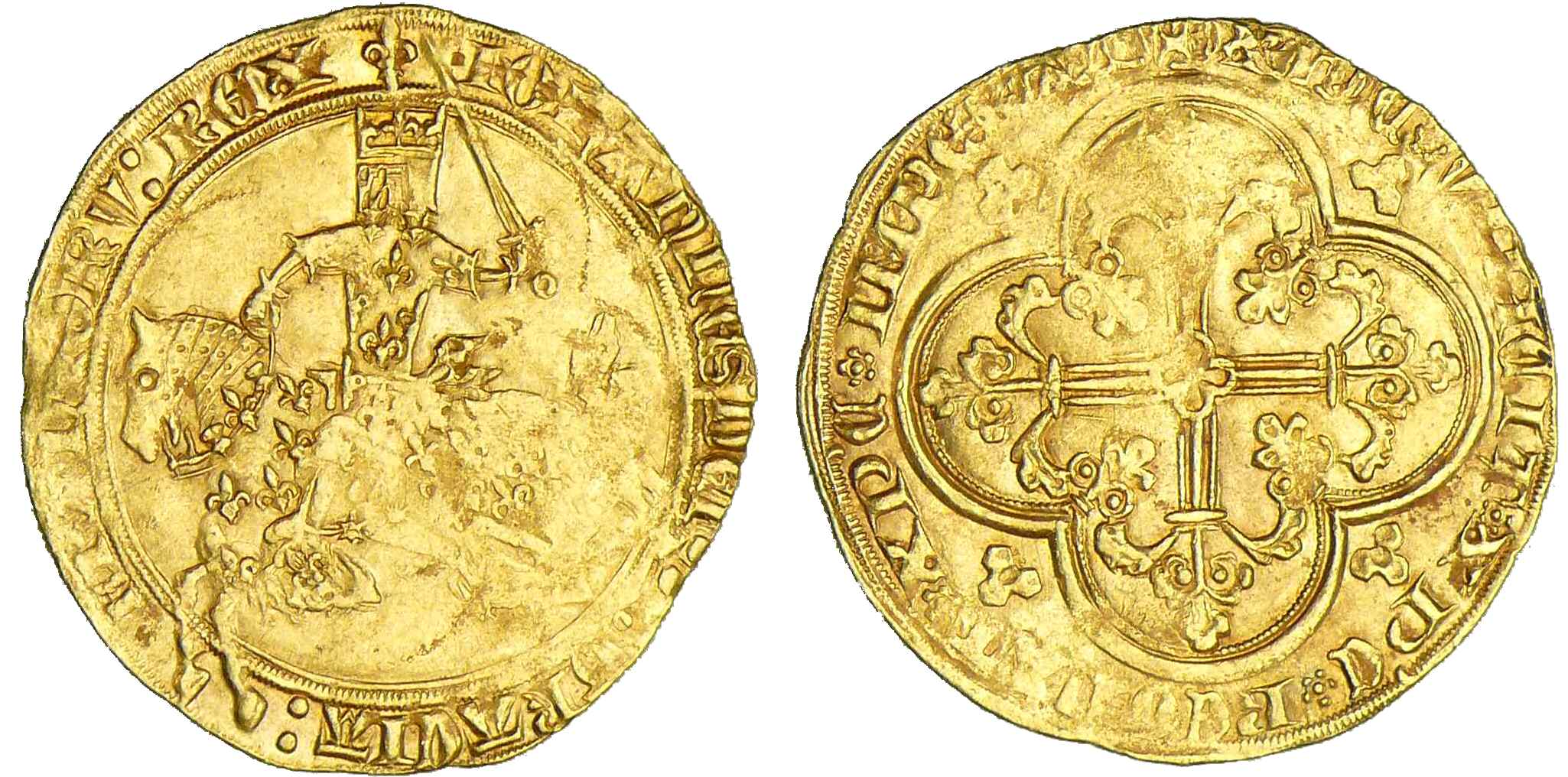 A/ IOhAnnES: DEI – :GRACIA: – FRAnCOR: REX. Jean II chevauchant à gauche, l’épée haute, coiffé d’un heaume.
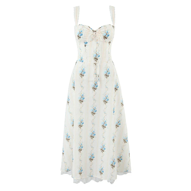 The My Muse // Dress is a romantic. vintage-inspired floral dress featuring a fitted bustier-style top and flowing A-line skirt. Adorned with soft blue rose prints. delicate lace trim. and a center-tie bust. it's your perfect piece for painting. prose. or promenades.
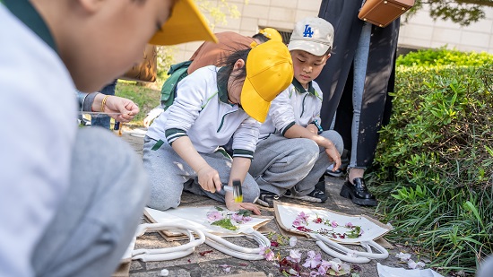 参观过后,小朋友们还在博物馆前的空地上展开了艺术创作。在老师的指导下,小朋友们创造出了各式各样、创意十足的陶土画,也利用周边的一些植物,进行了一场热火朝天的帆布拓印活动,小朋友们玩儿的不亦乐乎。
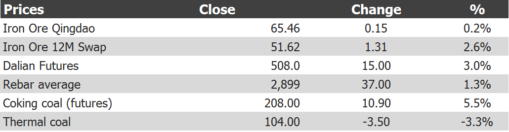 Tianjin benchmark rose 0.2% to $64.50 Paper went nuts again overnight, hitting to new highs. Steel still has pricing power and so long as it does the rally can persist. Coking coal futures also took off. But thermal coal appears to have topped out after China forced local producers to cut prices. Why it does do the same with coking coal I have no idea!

* * *

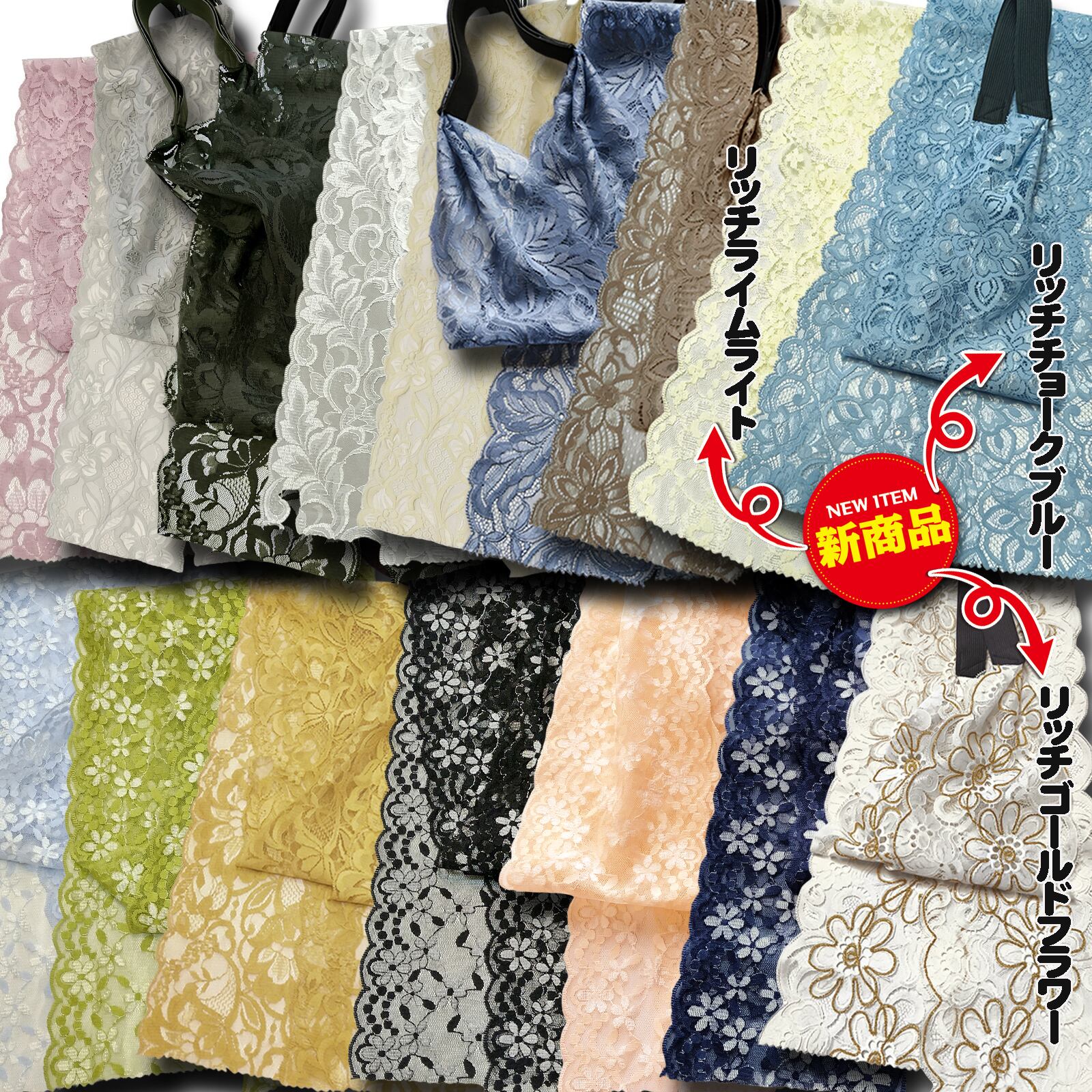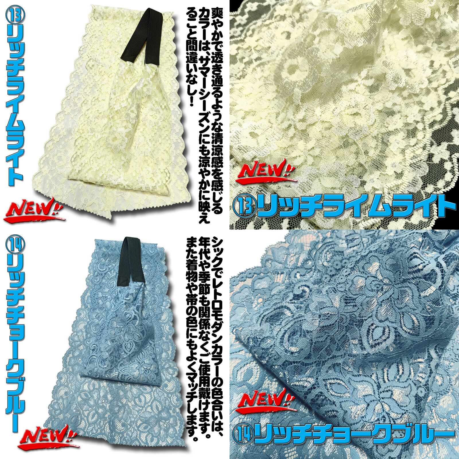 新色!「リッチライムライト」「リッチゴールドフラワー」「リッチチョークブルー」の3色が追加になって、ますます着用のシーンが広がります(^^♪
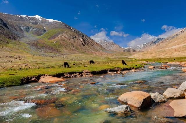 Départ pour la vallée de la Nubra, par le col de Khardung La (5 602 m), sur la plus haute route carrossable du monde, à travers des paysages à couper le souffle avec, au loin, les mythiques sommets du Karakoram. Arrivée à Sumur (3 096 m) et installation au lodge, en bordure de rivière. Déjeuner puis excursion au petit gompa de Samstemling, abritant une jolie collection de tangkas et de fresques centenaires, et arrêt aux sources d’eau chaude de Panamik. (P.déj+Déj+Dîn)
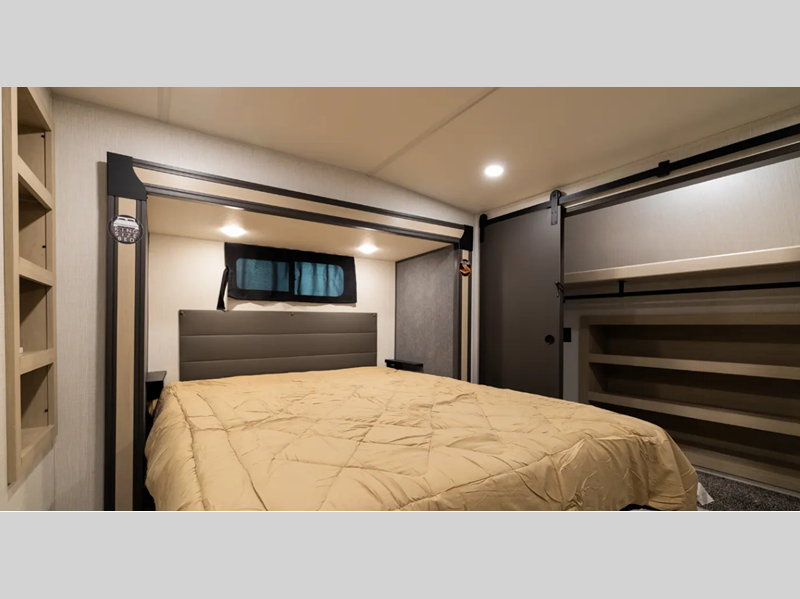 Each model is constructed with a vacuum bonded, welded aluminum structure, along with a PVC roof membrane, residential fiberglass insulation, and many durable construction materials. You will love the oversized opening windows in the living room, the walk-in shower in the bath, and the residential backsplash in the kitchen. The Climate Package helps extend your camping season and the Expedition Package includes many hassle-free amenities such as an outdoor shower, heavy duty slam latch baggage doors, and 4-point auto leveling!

* * *

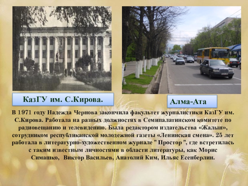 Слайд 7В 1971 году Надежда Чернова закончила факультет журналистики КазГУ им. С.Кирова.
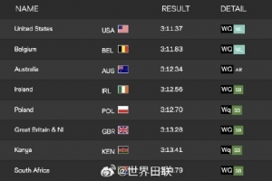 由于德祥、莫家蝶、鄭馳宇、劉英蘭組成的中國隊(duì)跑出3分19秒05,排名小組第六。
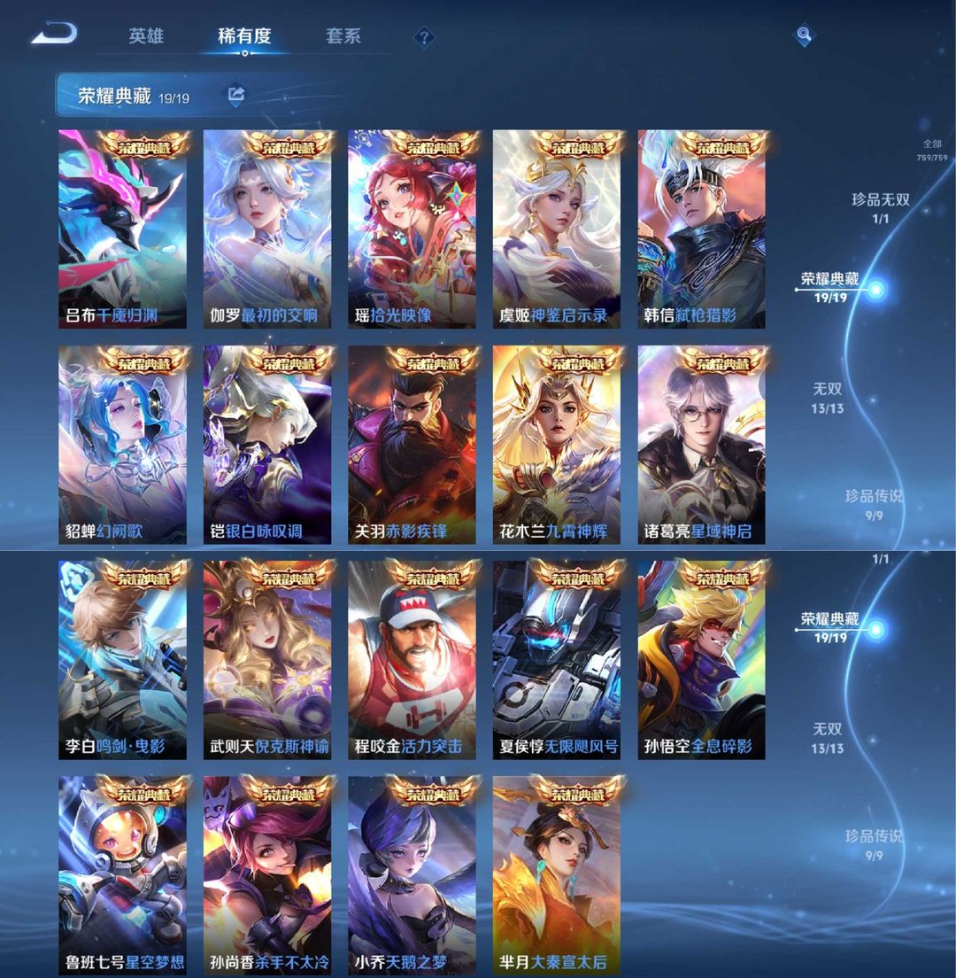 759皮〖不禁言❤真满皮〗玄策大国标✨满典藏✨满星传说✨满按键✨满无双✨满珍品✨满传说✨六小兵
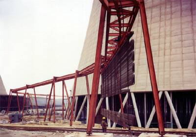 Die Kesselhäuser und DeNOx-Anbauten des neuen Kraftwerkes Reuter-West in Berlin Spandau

* * *

**Work task**
Your copy should hold only the lines above from the one containing "Départ pour la" through the one containing "Each model is", exactly as written and free of pictures.

**Solved exercise**
 Départ pour la vallée de la Nubra, par le col de Khardung La (5 602 m), sur la plus haute route carrossable du monde, à travers des paysages à couper le souffle avec, au loin, les mythiques sommets du Karakoram. Arrivée à Sumur (3 096 m) et installation au lodge, en bordure de rivière. Déjeuner puis excursion au petit gompa de Samstemling, abritant une jolie collection de tangkas et de fresques centenaires, et arrêt aux sources d’eau chaude de Panamik. (P.déj+Déj+Dîn)
 Each model is constructed with a vacuum bonded, welded aluminum structure, along with a PVC roof membrane, residential fiberglass insulation, and many durable construction materials. You will love the oversized opening windows in the living room, the walk-in shower in the bath, and the residential backsplash in the kitchen. The Climate Package helps extend your camping season and the Expedition Package includes many hassle-free amenities such as an outdoor shower, heavy duty slam latch baggage doors, and 4-point auto leveling!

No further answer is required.